Hello, I have RNA-seq data from two strains (three replicates each), one of which exhibits a specific phenotype. I aim to explore the genetic background responsible for this phenotype. I've performed differential gene expression analysis using both DESeq2 and edgeR. Now, I'm trying to determine how to select the top differentially expressed genes (DEGs).

Some studies use a fold-change cutoff (logFC > ±1) and rank genes by p-value (FDR), while others apply a statistical significance threshold (FDR < 0.05) and then rank the significant genes by fold-change (logFC > ±1). What is the best approach for selecting DEGs, and why?

Additionally, how should I proceed with further analysis of the top DEGs? Should I investigate the pathways associated with each gene in the DEG list?

Thank you for your assistance!

See https://bioconductor.org/packages/release/workflows/vignettes/RnaSeqGeneEdgeRQL/inst/doc/edgeRQL.html for an example workflow, which includes ranking of genes and pathway analyses by GO, KEGG and by focused gene sets.

Unless you have an overwhelming amount of DE, we recommend ranking by FDR and not by fold-change at all.

In my opinion, the use of logFC=1 cutoffs in the literature is arbitrary and counter-productive because it interacts badly with modern empirical Bayes differential expression tests as implemented in limma, edgeR or DESeq2. The 2-fold cutoff comes from the original microarray papers pre-2000 that had no replicates and no statistical tests. Later on, people started to include replicates and ordinary t-tests. It can be shown that ordinary t-tests or Welch t-tests can be improved by adding a logFC cutoff, and that a moderate logFC cutoff can decrease the FDR. This is because a t-test can be highly significant even for very small logFC if the standard deviation is also very small, just by chance.

The empirical Bayes tests implemented by limma and edgeR are different however. They take into account logFC, standard deviation and expression level all together when evaluating significance. They already achieve a compromise (optimal in a certain sense) between ranking by logFC and ranking by t-test. They put on a floor under the posterior variances and do not allow a gene to be significant with an extremely small logFC. So adding a logFC cutoff is no longer necessary and instead becomes counter-productive.

Giving priority to genes with very large logFC but moderate FDR has the effect of prioritizing low expressed genes over highly expressed genes, which tends to select genes that are of less rather than more biological importance.

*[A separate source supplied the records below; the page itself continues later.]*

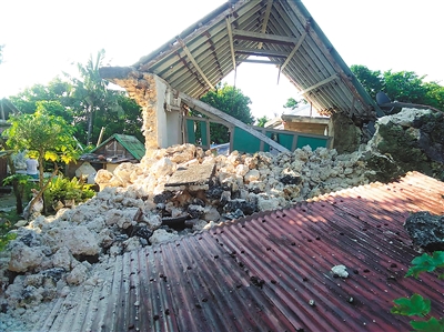 这是7月27日在菲律宾北部巴坦群岛的伊特巴亚特拍摄的地震中受损的房屋。
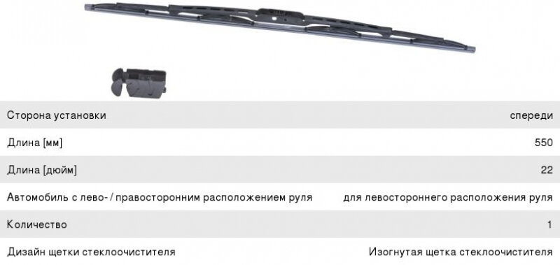 Щетка стеклоочистителя HELLA 550мм 9XW178878-221 информация:
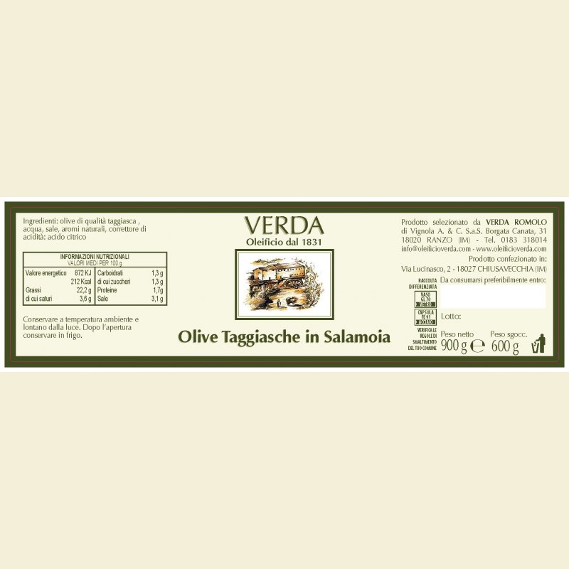 Die kleinen Taggiasca Oliven sind eine Rarität, nicht jedes Jahr können wir sie erhalten. Sie sind mit Stein in Lake eingelegt, so bleiben sie schön knackig und mild.
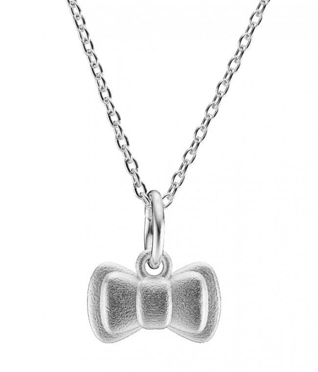 Kaunis hopeinen koru jossa on rusettia esittävä riipus

Another problem is that the Benjamini-Hochberg algorithm for evaluating FDR is based on tail-probabilities for the ranked gene list. If you filter genes from the list after computing the FDR then the whole FDR calculation is invalidated for genes originally further down in the list. It is easy to show that you can actually increase the overall FDR, sometimes substantially, by removing genes with lower logFC values from the list.

Another consideration that highlights the arbitrariness of the logFC cutoff is the fact that logFCs output from limma, edgeR and DESeq2 are not raw log-fold-changes but are rather shrunk to a greater or lesser degree. In edgeR, the amount of shrinkage is user-specified. Which genes will satisfy a logFC=1 cutoff depends on how much shrinkage has been done, but unfortunately people in the literature just seem to apply the logFC=1 cutoff blindly without considering what the estimated logFCs actually mean.